Data extracted from a collection:

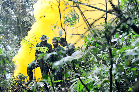 Police have said local residents were the first to see the plane slam into the dense pocket of jungle on the mountain’s slopes. Villagers also reportedly reached the wreckage before it was spotted by an airforce plane on Friday.
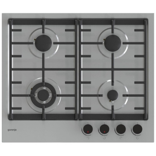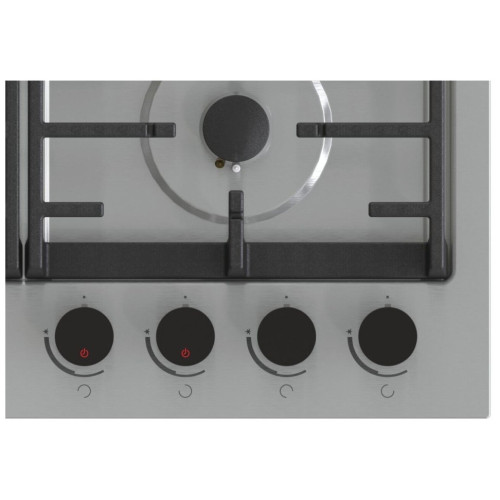 Газовая варочная панель GKT641X. Встроенный в ручку сенсорный газовый таймер SimpleOff на 2-х конфорках. Экономичные и мощные горелки. Трехконтурная конфорка вок. Автоматический электроподжиг варочной поверхности. 4 газовые конфорки: Передняя левая: вок ?; 10.3 см, 3.3 кВт, Передняя правая: малая ?; 4.3 см, 1 кВт, Задняя левая: нормальная ?; 6.7 см, 1.75 кВт, Задняя правая: нормальная ?; 6.7 см, 1.75 кВт Решетки: Чугунные решетки Газ-контроль горелок варочной поверхности. Вид и давление газа: Природный газ G20/20 Габаритные размеры (шхвхг): 60 ? 8.7 ? 51 см Размеры в упаковке (шхвхг): 68 ? 19.5 ? 59 см Монтажные размеры (шхвхг): 56 ? 4.5 ? 48 см Вес нетто: 13.7 кг Вес брутто: 16 кг
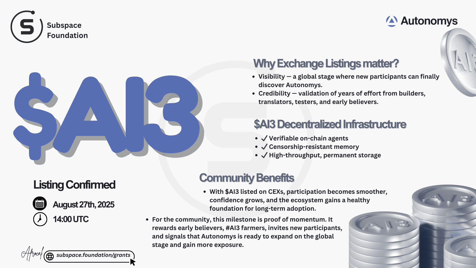 L'attesa è quasi finita poiché #Autonomys il token nativo, $AI3, si prepara a diventare operativo nei principali scambi centralizzati il 27 agosto alle 14:00 UTC. Non è solo un'altra quotazione, è un momento decisivo per la convergenza tra Web3 e IA.
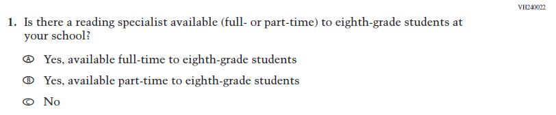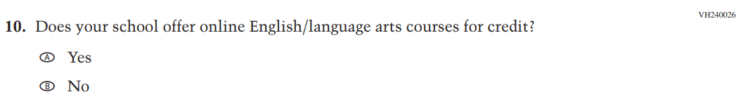 For 2026, we have aligned Inline Directions in Teacher and School Items with the Directions currently used in Student Items. Subitem a was revised for clarity. |
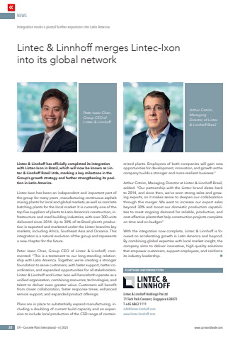 NEWS28 CPI %u2013 Concrete Plant International %u2013 6 | 2025 www.cpi-worldwide.comLintec & Linnhoff has officially completed its integration with Lintec-Ixon in Brazil, which will now be known as Lintec & Linnhoff Brasil Ltda, marking a key milestone in the Group%u2019s growth strategy and further strengthening its position in Latin America. Lintec-Ixon has been an independent and important part of the group for many years , manufacturing continuous asphalt mixing plants for local and global markets, as well as concrete batching plants for the local market. It is currently one of the top five suppliers of plants to Latin America%u2019s construction, infrastructure and road building industries, with over 300 units delivered since 2014. Up to 30% of its Brazil plant%u2019s production is exported and marketed under the Lintec brand to key markets, including Africa, Southeast Asia and Oceania. This integration is a natural evolution of the group and represents a new chapter for the future.Peter Isaac Chan, Group CEO of Lintec & Linnhoff, commented: %u201cThis is a testament to our long-standing relationship with Latin America. Together, we%u2019re creating a stronger foundation to serve customers, with faster support, better coordination, and expanded opportunities for all stakeholders. Lintec & Linnhoff and Lintec Ixon will henceforth operate as a unified organisation, combining resources, technologies, and talent to deliver even greater value. Customers will benefit from closer collaboration, faster response times, enhanced service support, and expanded product offerings. Plans are in place to substantially expand manufacturing, including a doubling of current build capacity and an expansion to include local production of the CSD range of containerised plants. Employees of both companies will gain new opportunities for development, innovation, and growth as the company builds a stronger and more resilient business.%u201dArthur Cotrim, Managing Director at Lintec & Linnhoff Brasil, added: %u201cOur partnership with the Lintec brand dates back to 2014, and since then, we%u2019ve seen strong sales and growing exports, so it makes sense to deepen our collaboration through this merger. We want to increase our export sales beyond 30% and boost our domestic production capabilities to meet ongoing demand for reliable, productive, and cost-effective plants that help construction projects complete on time and on budget.%u201dWith the integration now complete, Lintec & Linnhoff is focused on accelerating growth in Latin America and beyond. By combining global expertise with local market insight, the company aims to deliver innovative, high-quality solutions that empower customers, support employees, and reinforce its industry leadership. nLintec & Linnhoff merges Lintec-Ixon into its global networkIntegration marks a pivotal further expansion into Latin AmericaFURTHER INFORMATIONLintec & Linnhoff Holdings Pte Ltd 71 Tech Park Crescent, Singapore 638072 T +65 6863 1111 info@lintec-linnhoff.comwww.lintec-linnhoff.comPeter Isaac Chan, Group CEO of Lintec & Linnhoff Arthur Cotrim, Managing Director of Lintec & Linnhoff Brasil

### YOUR ASSIGNMENT
Reproduce each entry word for word and cut the images.

### WRITTEN SOLUTION
 Police have said local residents were the first to see the plane slam into the dense pocket of jungle on the mountain’s slopes. Villagers also reportedly reached the wreckage before it was spotted by an airforce plane on Friday.
 Газовая варочная панель GKT641X. Встроенный в ручку сенсорный газовый таймер SimpleOff на 2-х конфорках. Экономичные и мощные горелки. Трехконтурная конфорка вок. Автоматический электроподжиг варочной поверхности. 4 газовые конфорки: Передняя левая: вок ?; 10.3 см, 3.3 кВт, Передняя правая: малая ?; 4.3 см, 1 кВт, Задняя левая: нормальная ?; 6.7 см, 1.75 кВт, Задняя правая: нормальная ?; 6.7 см, 1.75 кВт Решетки: Чугунные решетки Газ-контроль горелок варочной поверхности. Вид и давление газа: Природный газ G20/20 Габаритные размеры (шхвхг): 60 ? 8.7 ? 51 см Размеры в упаковке (шхвхг): 68 ? 19.5 ? 59 см Монтажные размеры (шхвхг): 56 ? 4.5 ? 48 см Вес нетто: 13.7 кг Вес брутто: 16 кг
 L'attesa è quasi finita poiché #Autonomys il token nativo, $AI3, si prepara a diventare operativo nei principali scambi centralizzati il 27 agosto alle 14:00 UTC. Non è solo un'altra quotazione, è un momento decisivo per la convergenza tra Web3 e IA.
 For 2026, we have aligned Inline Directions in Teacher and School Items with the Directions currently used in Student Items. Subitem a was revised for clarity. |
 NEWS28 CPI %u2013 Concrete Plant International %u2013 6 | 2025 www.cpi-worldwide.comLintec & Linnhoff has officially completed its integration with Lintec-Ixon in Brazil, which will now be known as Lintec & Linnhoff Brasil Ltda, marking a key milestone in the Group%u2019s growth strategy and further strengthening its position in Latin America. Lintec-Ixon has been an independent and important part of the group for many years , manufacturing continuous asphalt mixing plants for local and global markets, as well as concrete batching plants for the local market. It is currently one of the top five suppliers of plants to Latin America%u2019s construction, infrastructure and road building industries, with over 300 units delivered since 2014. Up to 30% of its Brazil plant%u2019s production is exported and marketed under the Lintec brand to key markets, including Africa, Southeast Asia and Oceania. This integration is a natural evolution of the group and represents a new chapter for the future.Peter Isaac Chan, Group CEO of Lintec & Linnhoff, commented: %u201cThis is a testament to our long-standing relationship with Latin America. Together, we%u2019re creating a stronger foundation to serve customers, with faster support, better coordination, and expanded opportunities for all stakeholders. Lintec & Linnhoff and Lintec Ixon will henceforth operate as a unified organisation, combining resources, technologies, and talent to deliver even greater value. Customers will benefit from closer collaboration, faster response times, enhanced service support, and expanded product offerings. Plans are in place to substantially expand manufacturing, including a doubling of current build capacity and an expansion to include local production of the CSD range of containerised plants. Employees of both companies will gain new opportunities for development, innovation, and growth as the company builds a stronger and more resilient business.%u201dArthur Cotrim, Managing Director at Lintec & Linnhoff Brasil, added: %u201cOur partnership with the Lintec brand dates back to 2014, and since then, we%u2019ve seen strong sales and growing exports, so it makes sense to deepen our collaboration through this merger. We want to increase our export sales beyond 30% and boost our domestic production capabilities to meet ongoing demand for reliable, productive, and cost-effective plants that help construction projects complete on time and on budget.%u201dWith the integration now complete, Lintec & Linnhoff is focused on accelerating growth in Latin America and beyond. By combining global expertise with local market insight, the company aims to deliver innovative, high-quality solutions that empower customers, support employees, and reinforce its industry leadership. nLintec & Linnhoff merges Lintec-Ixon into its global networkIntegration marks a pivotal further expansion into Latin AmericaFURTHER INFORMATIONLintec & Linnhoff Holdings Pte Ltd 71 Tech Park Crescent, Singapore 638072 T +65 6863 1111 info@lintec-linnhoff.comwww.lintec-linnhoff.comPeter Isaac Chan, Group CEO of Lintec & Linnhoff Arthur Cotrim, Managing Director of Lintec & Linnhoff Brasil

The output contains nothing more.